Records:
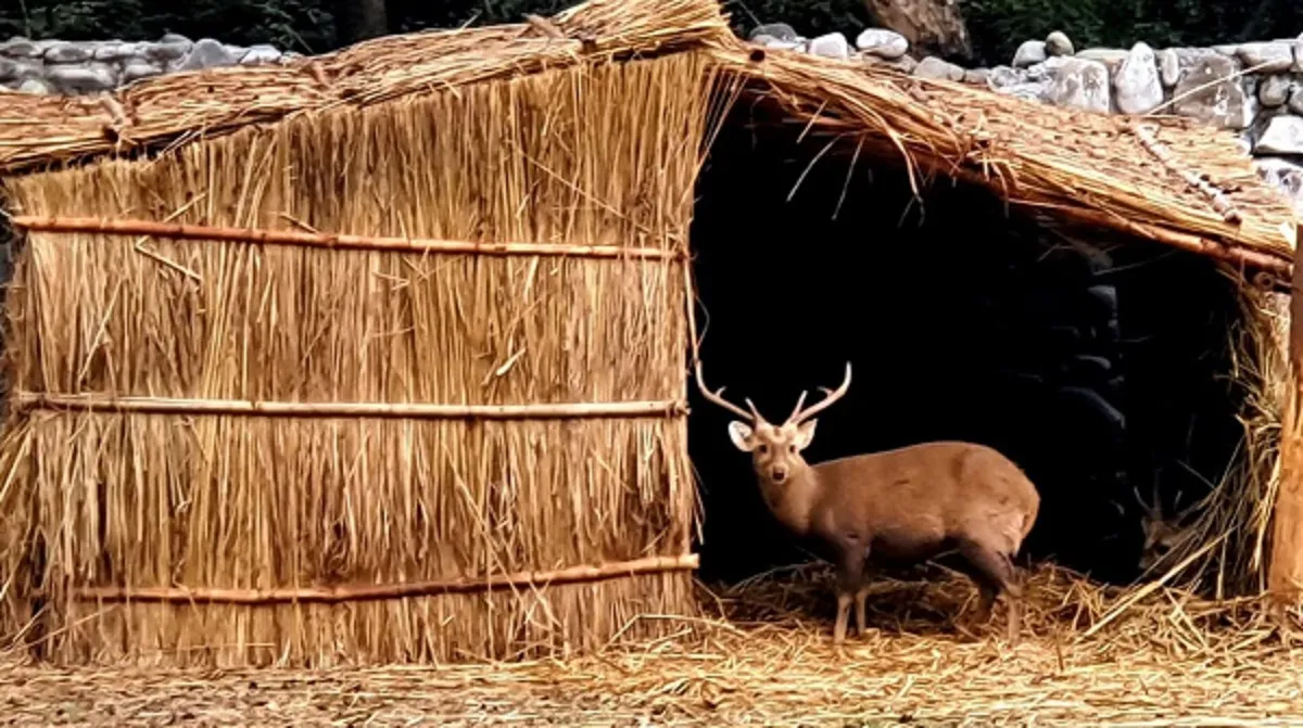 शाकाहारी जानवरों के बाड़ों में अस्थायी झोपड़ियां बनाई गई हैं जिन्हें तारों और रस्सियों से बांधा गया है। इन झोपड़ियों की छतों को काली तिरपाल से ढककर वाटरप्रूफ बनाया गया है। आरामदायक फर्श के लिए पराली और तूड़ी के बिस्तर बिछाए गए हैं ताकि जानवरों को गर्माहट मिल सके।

==

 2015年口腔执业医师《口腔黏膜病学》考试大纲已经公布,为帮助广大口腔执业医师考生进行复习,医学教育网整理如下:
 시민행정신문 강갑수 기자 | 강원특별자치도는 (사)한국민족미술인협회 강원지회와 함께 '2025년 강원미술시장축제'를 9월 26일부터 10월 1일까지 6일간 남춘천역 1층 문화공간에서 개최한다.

Work task: Start with the line above that contains "2015年口腔执业医师《口腔" and stop after the line that contains "시민행정신문 강갑수 기자". Output those lines exactly, and only those.

Written response:
 2015年口腔执业医师《口腔黏膜病学》考试大纲已经公布,为帮助广大口腔执业医师考生进行复习,医学教育网整理如下:
 시민행정신문 강갑수 기자 | 강원특별자치도는 (사)한국민족미술인협회 강원지회와 함께 '2025년 강원미술시장축제'를 9월 26일부터 10월 1일까지 6일간 남춘천역 1층 문화공간에서 개최한다.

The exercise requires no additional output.